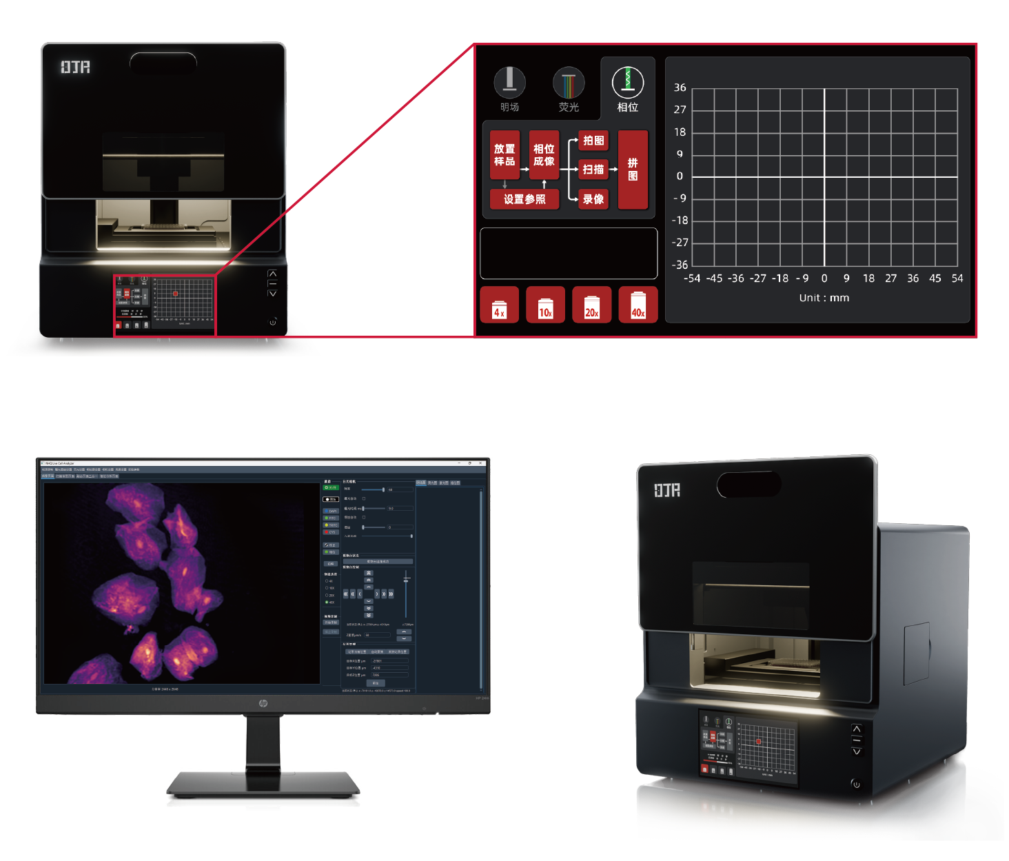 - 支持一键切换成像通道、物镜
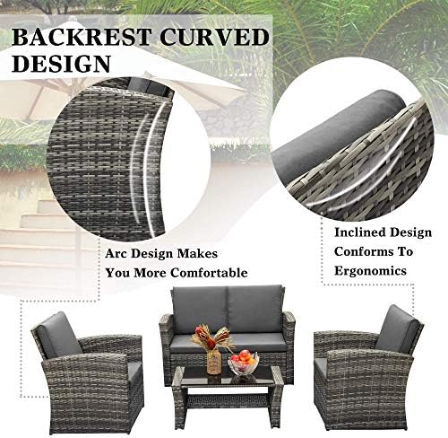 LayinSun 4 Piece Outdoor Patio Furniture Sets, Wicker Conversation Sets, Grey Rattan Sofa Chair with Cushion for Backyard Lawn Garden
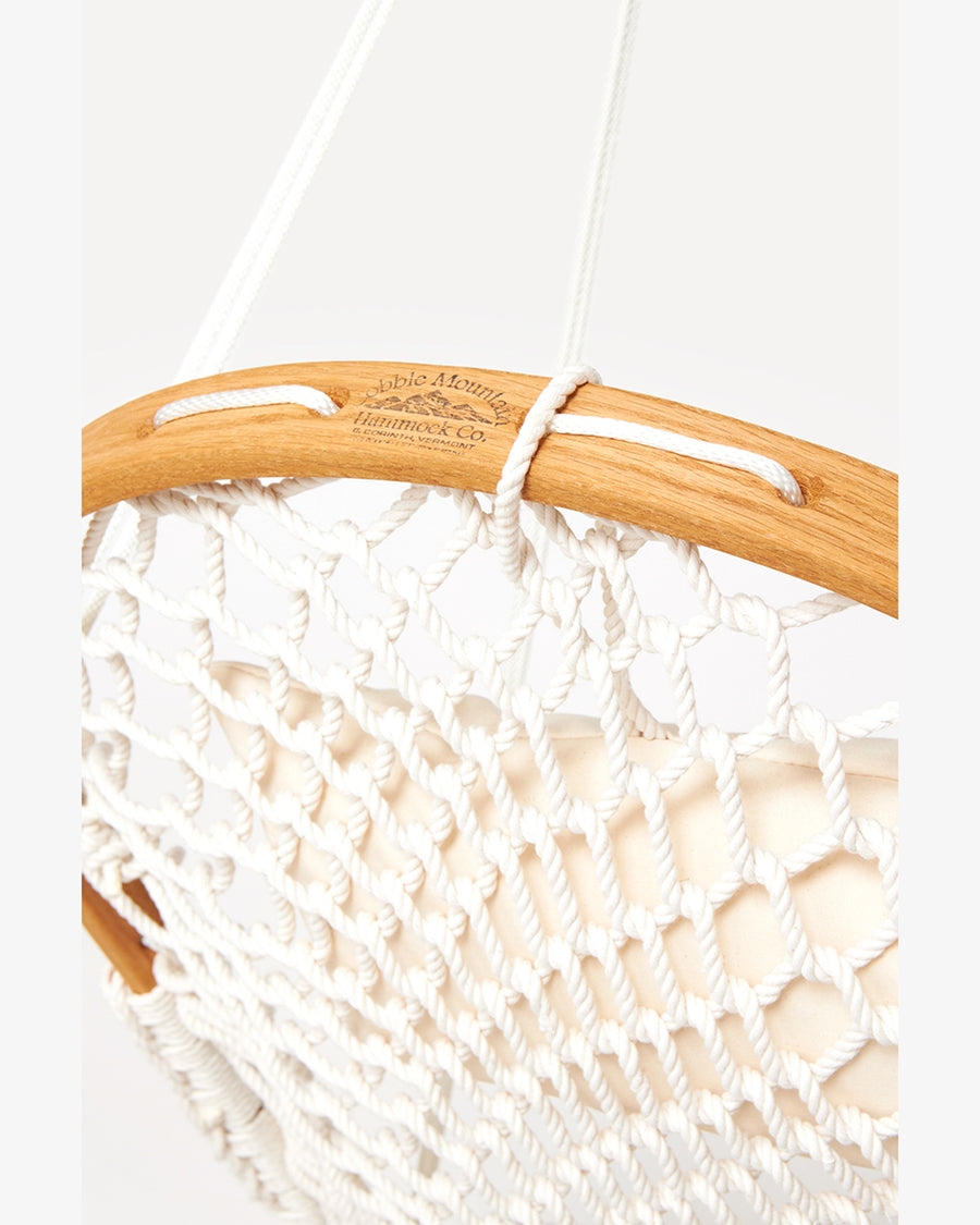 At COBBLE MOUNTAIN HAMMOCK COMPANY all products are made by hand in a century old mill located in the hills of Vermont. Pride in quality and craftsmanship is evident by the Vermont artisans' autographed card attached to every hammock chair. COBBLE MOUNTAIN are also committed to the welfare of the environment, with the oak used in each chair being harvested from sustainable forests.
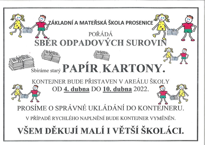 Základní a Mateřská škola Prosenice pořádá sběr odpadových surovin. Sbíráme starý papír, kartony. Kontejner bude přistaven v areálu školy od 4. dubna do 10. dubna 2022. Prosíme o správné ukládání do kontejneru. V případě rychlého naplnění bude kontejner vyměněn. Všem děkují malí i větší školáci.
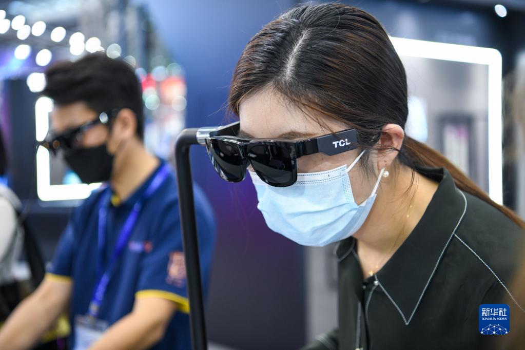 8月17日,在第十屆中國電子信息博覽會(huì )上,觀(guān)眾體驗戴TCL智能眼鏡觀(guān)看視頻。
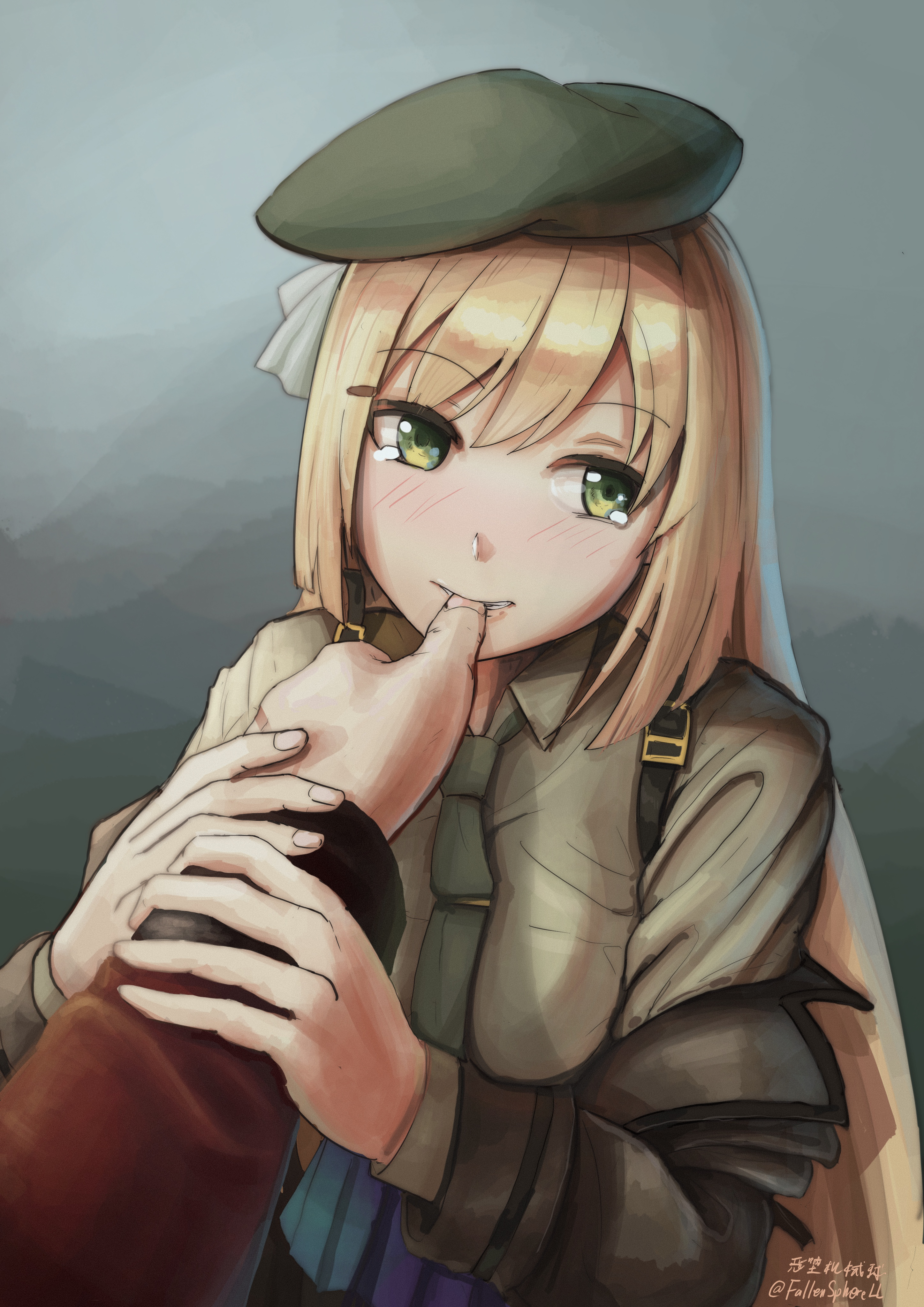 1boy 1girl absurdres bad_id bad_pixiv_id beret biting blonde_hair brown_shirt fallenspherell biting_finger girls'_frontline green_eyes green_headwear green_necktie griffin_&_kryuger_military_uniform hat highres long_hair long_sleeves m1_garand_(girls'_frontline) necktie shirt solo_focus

(DIRECTIONS FOR THIS TASK) The records above are to be retyped exactly, with every picture left out.

(EXERCISE RESPONSE)
 - 支持一键切换成像通道、物镜
 LayinSun 4 Piece Outdoor Patio Furniture Sets, Wicker Conversation Sets, Grey Rattan Sofa Chair with Cushion for Backyard Lawn Garden
 At COBBLE MOUNTAIN HAMMOCK COMPANY all products are made by hand in a century old mill located in the hills of Vermont. Pride in quality and craftsmanship is evident by the Vermont artisans' autographed card attached to every hammock chair. COBBLE MOUNTAIN are also committed to the welfare of the environment, with the oak used in each chair being harvested from sustainable forests.
 Základní a Mateřská škola Prosenice pořádá sběr odpadových surovin. Sbíráme starý papír, kartony. Kontejner bude přistaven v areálu školy od 4. dubna do 10. dubna 2022. Prosíme o správné ukládání do kontejneru. V případě rychlého naplnění bude kontejner vyměněn. Všem děkují malí i větší školáci.
 8月17日,在第十屆中國電子信息博覽會(huì )上,觀(guān)眾體驗戴TCL智能眼鏡觀(guān)看視頻。
 1boy 1girl absurdres bad_id bad_pixiv_id beret biting blonde_hair brown_shirt fallenspherell biting_finger girls'_frontline green_eyes green_headwear green_necktie griffin_&_kryuger_military_uniform hat highres long_hair long_sleeves m1_garand_(girls'_frontline) necktie shirt solo_focus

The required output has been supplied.